I remember reading these lines as a High School student. I was amazed at the ideas Shakespeare presented, the beauty of the metaphors, the strange new way of viewing life. On reading this now there is none of that fascination for the artistry.

What I now read is a precise description of reality as I know it to be, a satisfying statement of truth.


Friday, February 17, 2006

Cicero ~ On Old Age

We were High School students back in the late '40s and were reading Cicero's On Old Age. Back then I didn't know what to make of his statement that it was young men who had sent the most powerful governments crashing to ruin, but it was the old men who had either kept them strong or restored their strength.

Monday, December 05, 2005

Hubris ~ Knowing Oneself

When studying Greek tragedy I remember our professor telling us how the playwrights used hubris [arrogance, pride] in their plays to demonstate how a protagonist who displayed hubris could be led to his own downfall. The Gods would show their disfavor by allowing him to have even more success, then when he felt himself to have achieved everything he wanted they would let him fall and drive him headlong into on into his own undoing.
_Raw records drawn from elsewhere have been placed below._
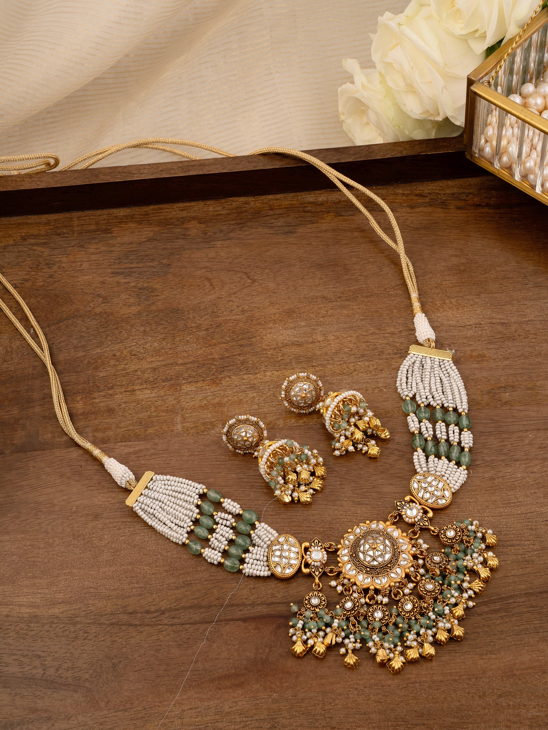 Multicolor Gold Plated Jadau Kundan Necklace Set
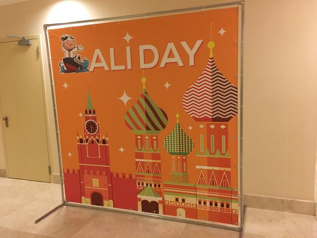 一進門,記者就看到一面紅框照片墻,馬云和普京在圣彼得堡經(jīng)濟論壇上的合影非常醒目。在明亮的落地窗前,“雙十一”的紅色標(biāo)志讓記者恍惚回到了中國。
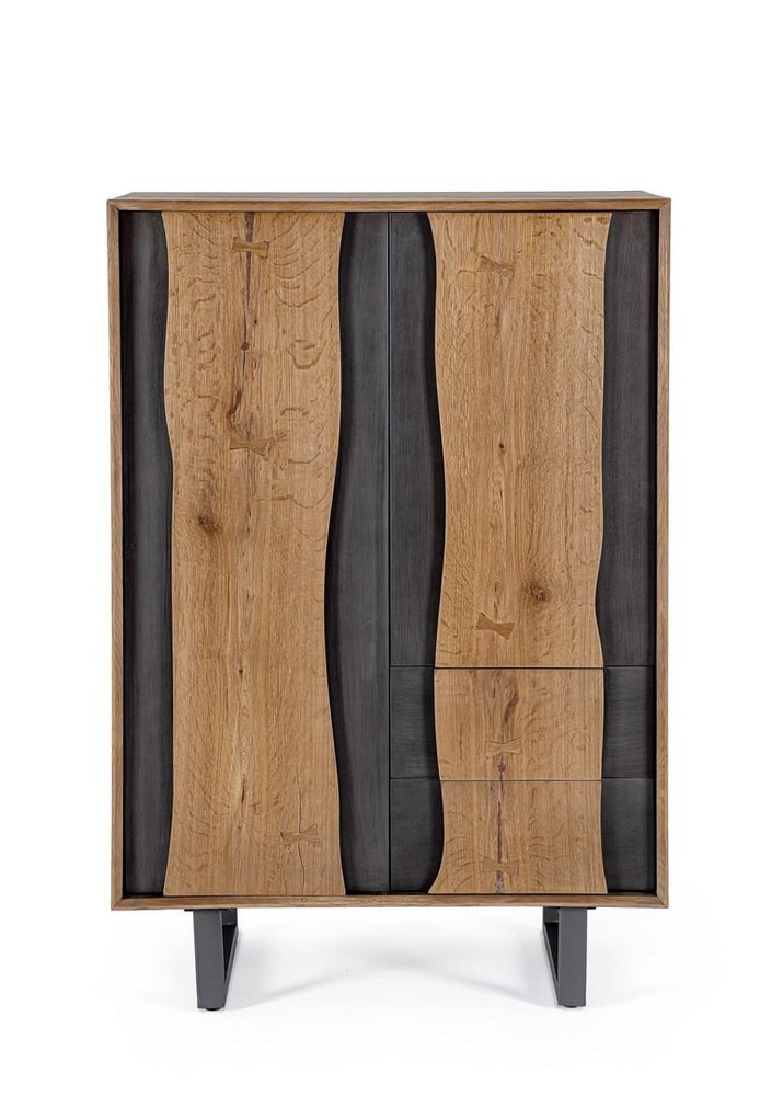 Dieses elegante Highboard vereint modernes Design, natürliche Materialien und durchdachte Funktionalität zu einem stilvollen Möbelstück für anspruchsvolle Wohnkonzepte. Mit seiner klaren Formensprache, den kontrastierenden Oberflächen und der hochwertigen Verarbeitung wird es zum zeitlosen Highlight in Wohn-, Ess- oder Arbeitsbereichen. Gefertigt aus MDF mit edlem Eichenfurnier überzeugt das Highboard durch seine warme, natürliche Ausstrahlung und eine fein strukturierte Oberfläche, die die authentische Maserung des Holzes zur Geltung bringt. Ergänzt wird das Design durch robuste Stahlelemente, die dem Möbelstück eine moderne, industrielle Note verleihen und gleichzeitig für Stabilität und Langlebigkeit sorgen. Das Highboard ist in einer geschmackvollen Farbkombination aus Schwarz und Naturholz gestaltet – ein harmonisches Zusammenspiel, das Eleganz und Modernität vereint. Es verfügt über zwei Türen und zwei Schubladen, die großzügigen Stauraum für diverse Gegenstände bieten. Die Soft-Close-Funktion sorgt für ein leises, sanftes Schließen und unterstreicht den hohen Qualitätsanspruch des Designs. Mit seinen kompakten Maßen von ca. 42 x 120 x 80 cm (B x H x T) fügt sich das Highboard harmonisch in unterschiedlichste Raumkonzepte ein – ob als stilvolles Einzelstück im Wohnzimmer, als funktionales Sideboard im Essbereich oder als eleganter Stauraum im Büro. Seine ausgewogene Höhe bietet zudem eine ideale Fläche zur dekorativen Präsentation von Vasen, Lampen oder Kunstobjekten.

Thursday, November 10, 2005

God Seeker ~

"No one can seek the Lord who has not already found Him." 
                                           St. Bernard of Clairvaux

A remarkable statement. What is he driving at?
Is he pointing our a natural affinity that has already led us to God, perhaps in our untainted childhood?
Or does "our having found Him" refer to the time before Adam's fall? Or in a prior life? Does he see us as creatures of God, whose limited human nature can only search. Have we have already found Him in some prior state but forgotten or lost Him.